Although I've already selected one of the excellent answers above, I thought I'd post an answer that I figured out to one of the questions I posed in the original post, namely: "I would guess that it diverges as $x\rightarrow 0_+$. How does it diverge there?"

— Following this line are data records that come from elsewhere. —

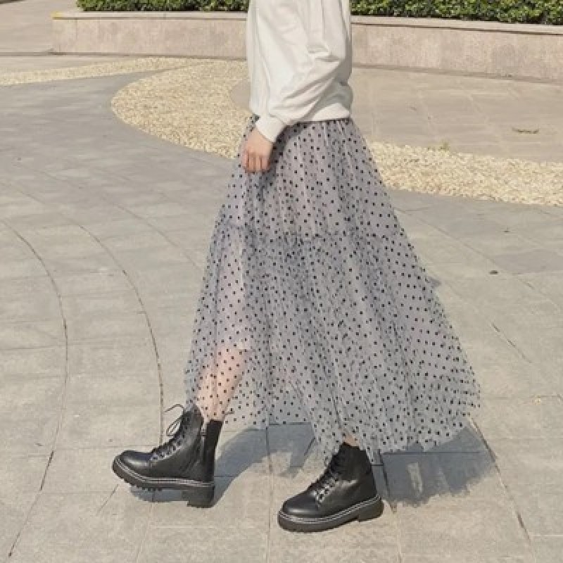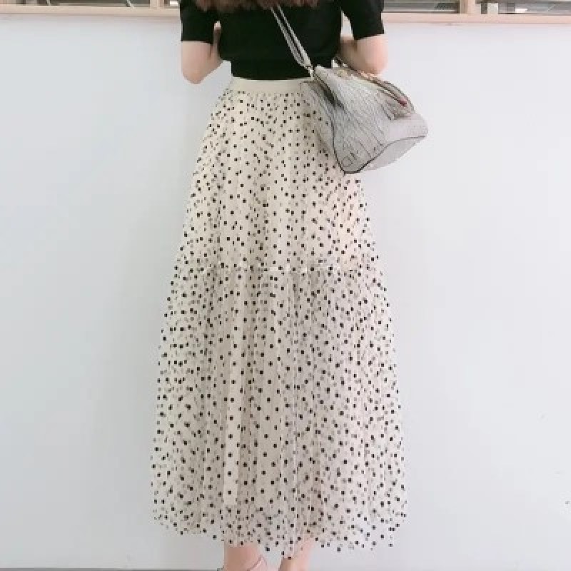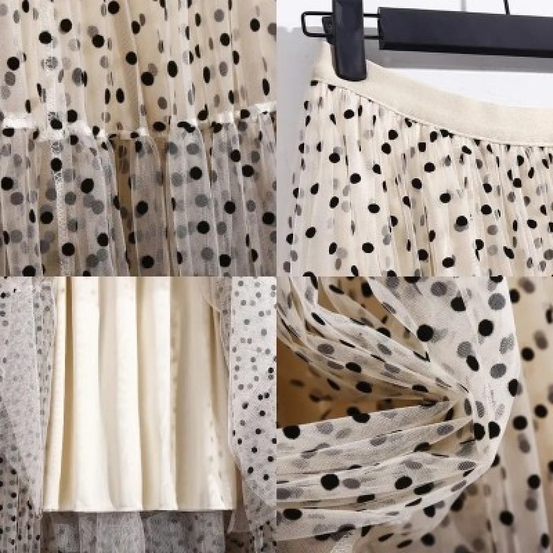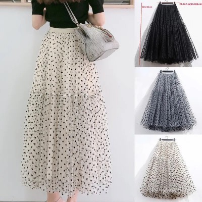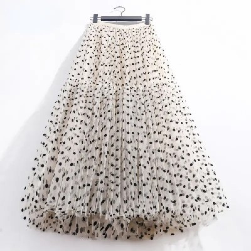 * Item: Women Layered A-Line Maxi Hem Mesh Midi Skirts New Polka Dot Pleated Tulle Skirt
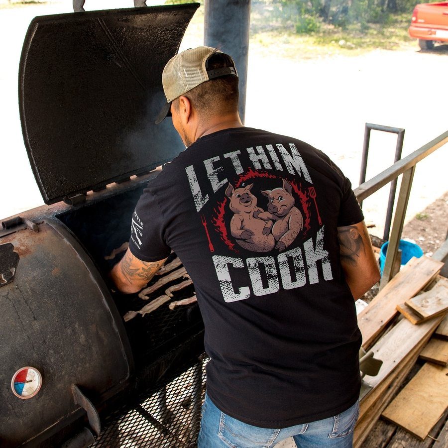 It’s simple: Let him cook. Whether you’re throwing down in the kitchen, manning the grill, or just looking for a reason to make some noise, this shirt is a guarantee that everyone knows who’s in charge of the kitchen (or the BBQ). The Let Him Cook T-Shirt in Black is a mix of good humor, great food, and a whole lotta American pride.
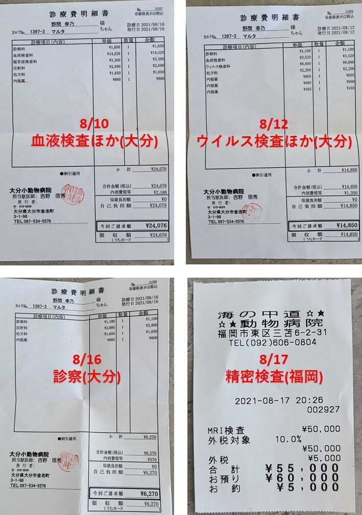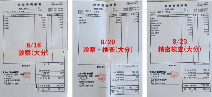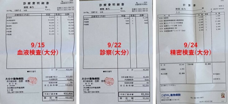 ▲寝たきりになったマルタと心配するトロ ▲検査・診察代の明細
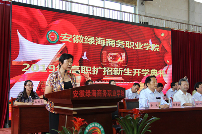 为了迎接这批特殊的新同学到来,学院体育馆二楼隆重举行2019级高职扩招新生开学典礼,省委宣传部原副部长刘飞跃,省教育厅原常务副厅长金辉,科学技术大学管理学院原副院长、省徽商发展研究院院长赵定涛教授,合肥工业大学经济管理学院洪进教授,安徽大学社会与政治学院吴宗友教授,合肥市政府副秘书长、合肥市退役军人事务局局长王强,安徽华商校友会名誉会长、安徽省合一投资控股集团董事长魏宜龙,安徽职业技术学院党委书记亓四华教授,365集团董事长、党委书记陈孝云,督导专员、党委第一书记江传瑞在前排就坐,典礼由学院常务副院长余敏主持。
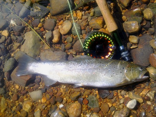 Da dieses Wochenende wieder mal Schmuddelwetter angesagt ist, hab ich mir heute Nachmittag Zeitausgleich genommen und bin mit der Fliegenrute zur Oberen Glan aufgebrochen. Zuerst hab ich die großen Äschen bei der Nepomukbrücke gesucht , aber nichts davon gesehen. Stattdessen hab ich dort ein paar kleine Bafos gefangen. Dann gings weiter zur Wehr. Die Sonne brannte auch schon wieder ordentlich herunter. Das Wasser der Glan war klar aber etwas höher wie sonst um die Zeit. Also war die Wehr etwas schwieriger zu befischen. Nach einigen kleineren fing ich endlich was maßiges. Eine Bafo mit 33 cm schön gezeichnet. Nach etlichen Würfen mehr hatte ich einen harten Biß den ich sogleich parierte. Die Forelle sprang gleich einen Meter aus dem Wasser und gab ordentlich Gas. Nach etlichen Fluchten konnte ich eine Bachforelle mit 39 cm und wohlgenöhrt landen. Da die Sonne immer unbarmherziger wurde beschloß ich dann nach hause zu fahren.
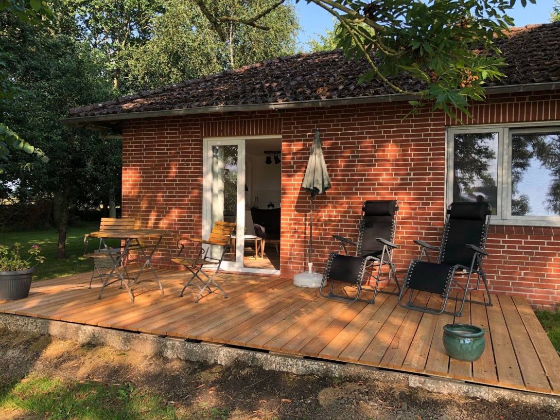 Zwei Terrassen direkt im Grünen. Eine Holzdielenterrasse zum Kanal „Süderbootfahrt" und eine gepflasterte, überdachte Terrasse zum Apfelgarten ausgerichtet.

So, as noted above, the term $\mathrm{sign}(\sin(n x))$ is a square wave with period $2\pi/n$. Suppose $x/\pi$ is irrational. Then $\mathrm{sign}(\sin(n x))$ is always -1 or +1, never 0. Define $$ \phi(x,k) = \left\lfloor \frac{k\pi}{x} \right\rfloor $$ as the largest integer such that $\phi(x,k) \, x < k \pi$. Defining $H_m$ as the $m^{\mathrm{th}}$ harmonic number, the original series can then be divided into finite positive and negative subsequences of terms of the form $\pm 1/n$ and rewritten as \begin{align} f(x) &= \sum_{n = 1}^{\phi(x,1)} \frac{1}{n} \;-\;\sum_{n = \phi(x,1)+1}^{\phi(x,2)} \frac{1}{n} \;+\;\sum_{n = \phi(x,2)+1}^{\phi(x,3)} \frac{1}{n} \;-\; ...\\ &= H_{\phi(x,1)} - \left(H_{\phi(x,2)} - H_{\phi(x,1)}\right)+ \left(H_{\phi(x,3)} - H_{\phi(x,2)}\right) - ...\\ &= H_{\phi(x,1)} \;+\; \sum_{n = 1}^{\infty}{(-1)}^n\left(H_{\phi(x,n+1)} - H_{\phi(x,n)}\right) \end{align} for irrational $x/\pi$. In fact, this last expression can be used to calculate the original function. Although this harmonic number representation is ostensibly only valid for irrational $x/\pi$, it seems to overlay the original function very nicely, as shown below:

Now, as to the divergence for small $x$. When $x$ is small, $\phi(x,n)$ becomes large, and we have \begin{align} H_{\phi(x,n)}&\approx \ln\left(\phi(x,n)\right) + \gamma\\ &= \ln\left(\left\lfloor \frac{n\pi}{x} \right\rfloor\right) + \gamma\\ &\approx \ln\left(\frac{n\pi}{x}\right) + \gamma\, . \end{align} The above expression for $f(x)$ then reduces to $$ f(x) \approx \ln\left(\frac{\pi}{x}\right) + \gamma + \sum_{n=1}^{\infty}{(-1)}^n \ln\left(1 + \frac{1}{n}\right)\, , $$ where \begin{align} \sum_{n=1}^{\infty}{(-1)}^n \ln\left(1 + \frac{1}{n}\right) &= \ln\left(\prod_{n=1}^{\infty}\left(1 - \frac{1}{4n^2}\right)\right)\\ &= \ln\left(\frac{2}{\pi}\right)\qquad \text{By the Wallis product}\, . \end{align} The small-$x$ approximation then reduces to $$ f(x) \approx -\ln x \;+\; \gamma \;+\; \ln 2\, . $$ This is plotted below along with the original function. So the answer is: A logarithmic divergence as $x\rightarrow 0_+$.